COMPOSITES, HEART VALVES, 3D-PRINTING TECHNIQUES
So, obviously, there are a lot of benefits of Sindre Olufsens PhD work. But for whom do they make a difference? The answer might be, to most of us.
We encounter plastics every day in the form of packaging, building/construction, transportation vehicles, medical equipment, scientific instruments, institutional products, furniture and furnishings and electronics.

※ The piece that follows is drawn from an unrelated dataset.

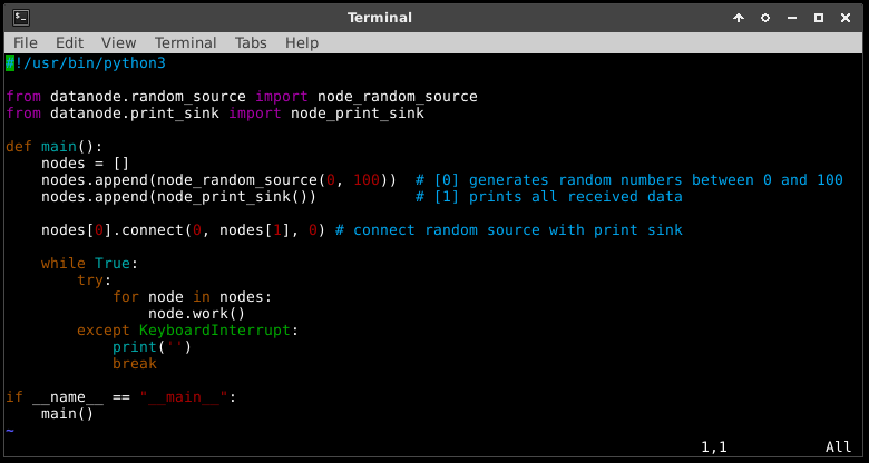 Do you know GNURadio? I really like the idea of connecting blocks that exchange data on links between them to form a data processing system. Out of curiosity how something like this could work, I decided to write something similar and far more low-level from scratch. The result is the python "datanode" module. It is a template class which can be used to implement a data processing functionality into a "node" that can be connected to other nodes. The Package listed below contains some very basic datanodes and an example that demonstrates how to add nodes, connect them and start the execution.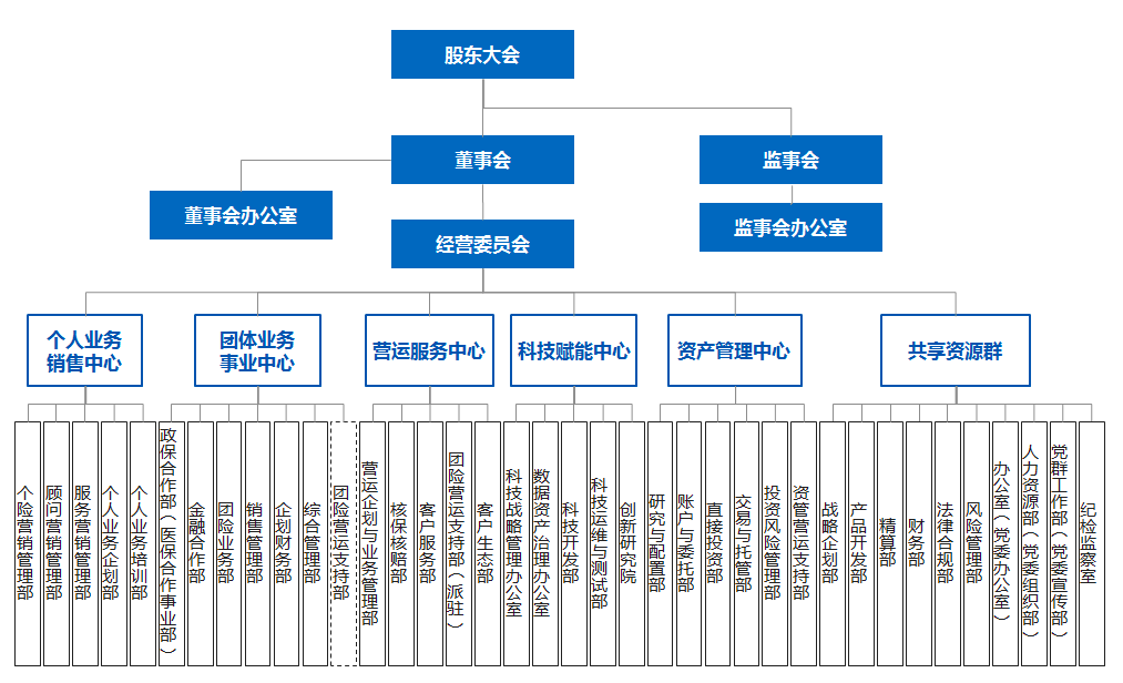 新华保险官网披露,董事会下设六大委员会,总部部门共计28个,另有合肥后援中小和35家分公司,总部包括个险销售部、银行业务部、团体业务部、健康保险事业部等业务部门。

«When we know how the material reacts to different loading conditions, we can make improved components and reduce material usage».
The open-source tools have already spread to several research groups worldwide.
«As of now, I know the µDIC toolkit has been used for analysing damage propagation in composite materials, for measuring the deformation of heart valves»,Olufsen tells.
A NORTHERN SATELLITE FOR CASA
For the next two years, he will be a post-doctor at SFI CASA. He has moved north to the city of Mo i Rana with his partner and two small daughters. He grew up in the municipality of Hemnes, not far away from where they are now settled. As he will work from Campus Helgeland, CASA has got its first-ever satellite office.
«I will continue on a similar track, working on both measurement techniques as well as experimental and numerical studies aiming to explain the failure behaviour of thermoplastics», he says.
Sindre Nordmark Olufsen defends his thesis on 17th December 2020.